Projection capability is possible either through front or rear projection onto a movie screen on batten 9, or onto the cyclorama using front projection.

=== Audio ===
The public address system consists of speakers located to the left, right and above the proscenium arch, controlled by a 32-channel audio mixing board between the left and right mezzanines in the house. A sixteen-send, four-return snake extends from the mixing board to the orchestra pit.

=== Orchestral ===
A 61-foot-wide orchestra pit curves out 12 feet into the house from the downstage end of the stage.
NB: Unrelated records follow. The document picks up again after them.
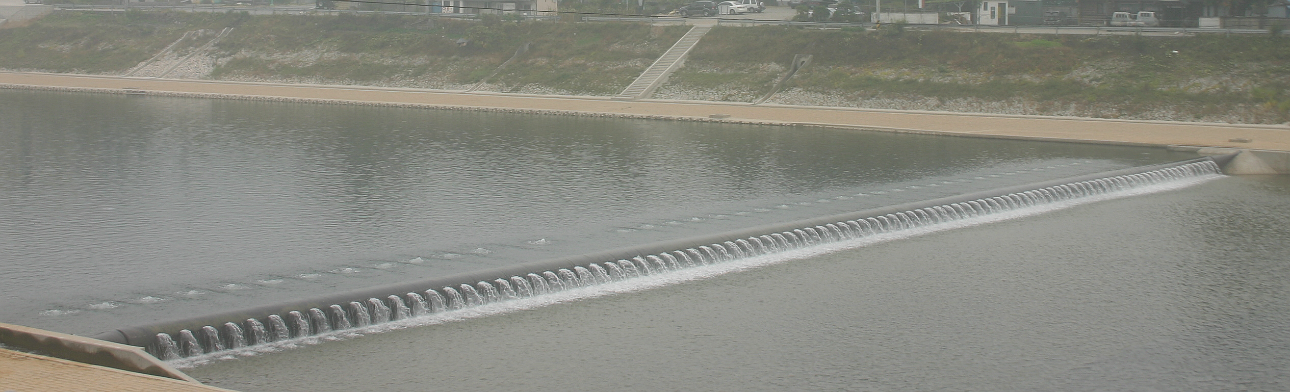 Inflated Rubber Dam at Hongcheon River in South Korea 150m (500ft) Length Rubber Dam without a Mid-structure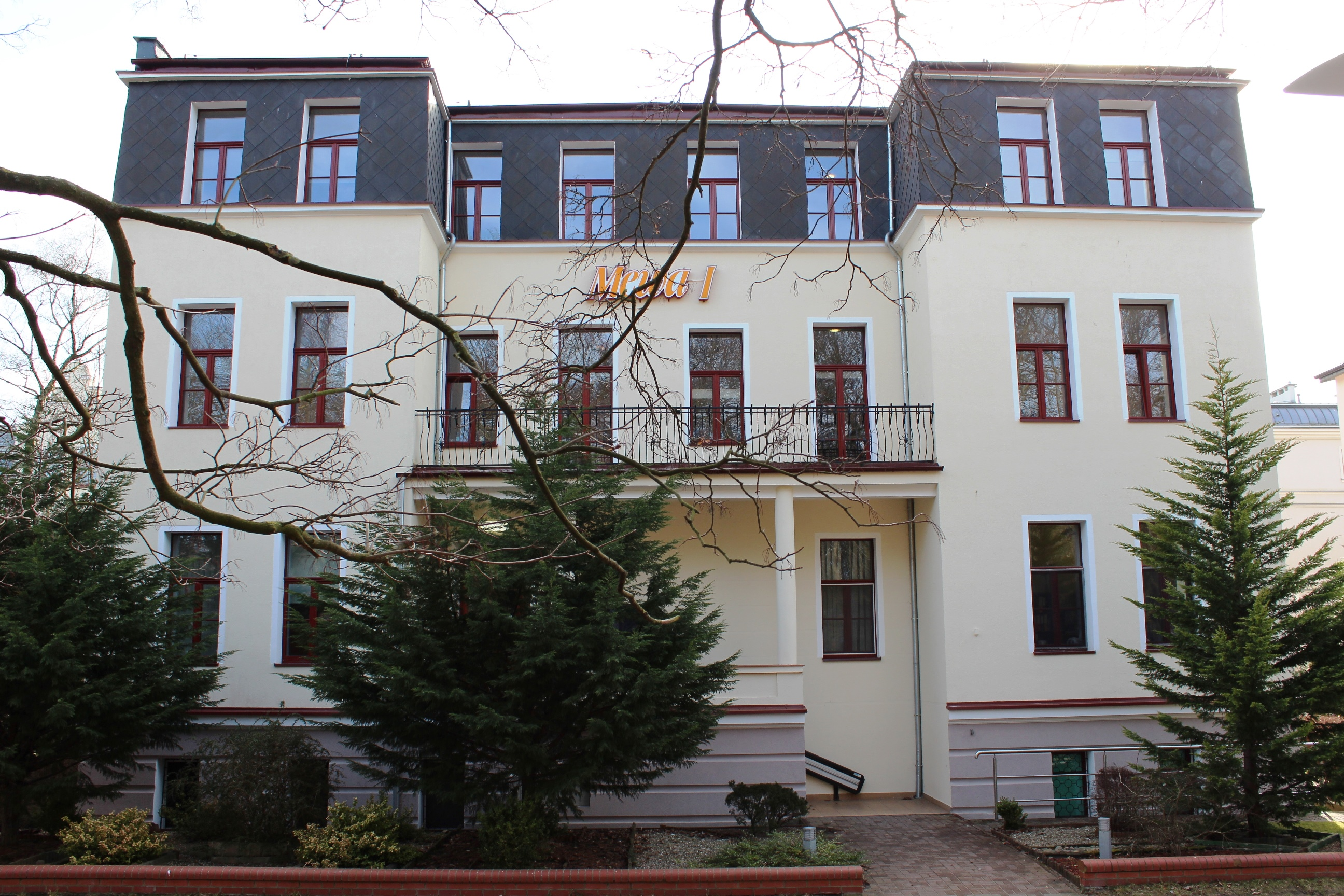 Mewa I Sanatorium in Kołobrzeg - pavilion B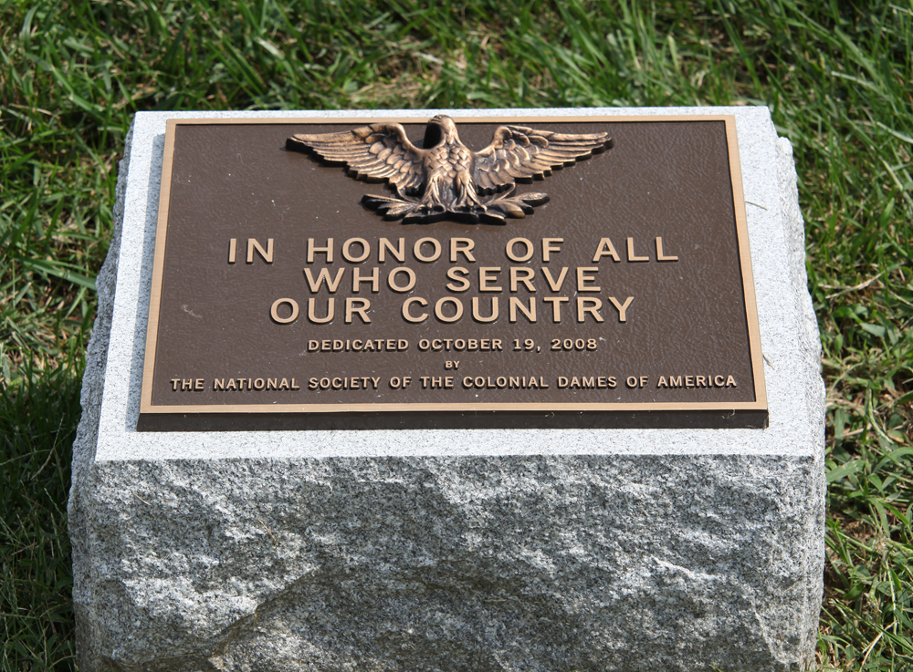 Bronze plaque at the west side of the Spanish-American War Memorial at Arlington National Cemetery in Arlington, Virginia, in the United States. The memorial is located in the easternmost portion of Section 22. The National Society Colonial Dames asked for permission to erect a memorial in the cemetery to the war's dead in March 1901. Quartermaster General Marshall I. Ludington made some changes to the design, which was approved on October 23, 1901. The monument was dedicated by President Theodore Roosevelt on May 21, 1902. It was the first monument ever erected at the cemetery by a society of women. The monument consists of a column on a base, situated in a small plaza. The granite column from Barre, Vermont, is 50 feet high, Corinthian in style, and surmounted by a sphere of granite from Quincy, Massachusetts. The dark grey granite is highly polished, and with a band of rough granite lined with stars about the circumference. The sphere is tilted at a 15 degree angle, and a bronze eagle -- facing west, wings spread -- is mounted on the top of the sphere. The light grey square granite base as a highly polished black granite sphere 18 inches in diameter at each corner. Along the upper eage of the base are bronze stars, 5 inches wide. There are 11 stars on each side of the base (representing the 44 U.S. states at the time of the war). Bronze plaques commemorating the war dead adorn the front (west) and rear (east) of the base. The monument sits in a circular grassy space. Lawton Avenue circles the space. At the rear of the monument, across the roadway, are four cannon mounted on brick and concrete stands. The guns face northeast, east, southeast, and south. The two outer guns are captured Spanish bronze field artillery. The and are made of bronze. The two inner guns are made of steel, and came from U.S. Navy ships which served in the war. A bronze plaque on a granite marker was added to the front of the memorial plaza on October 11, 1964.

This curves down along a 100-foot radius to 6 feet, 9 inches at the left and right ends. The height of platforms in the pit can be adjusted to be either: a) 18 inches below the house floor, b) level with the house floor, or c) raised to act as an apron extension at stage height. On the stage, 9' 9" wide floor panels can be arranged to create a 19-foot-tall orchestra shell. 4 additional flown sound panels complete an on-stage acoustic accommodation. The Collins Center also contains one 9-foot grand piano in its inventory.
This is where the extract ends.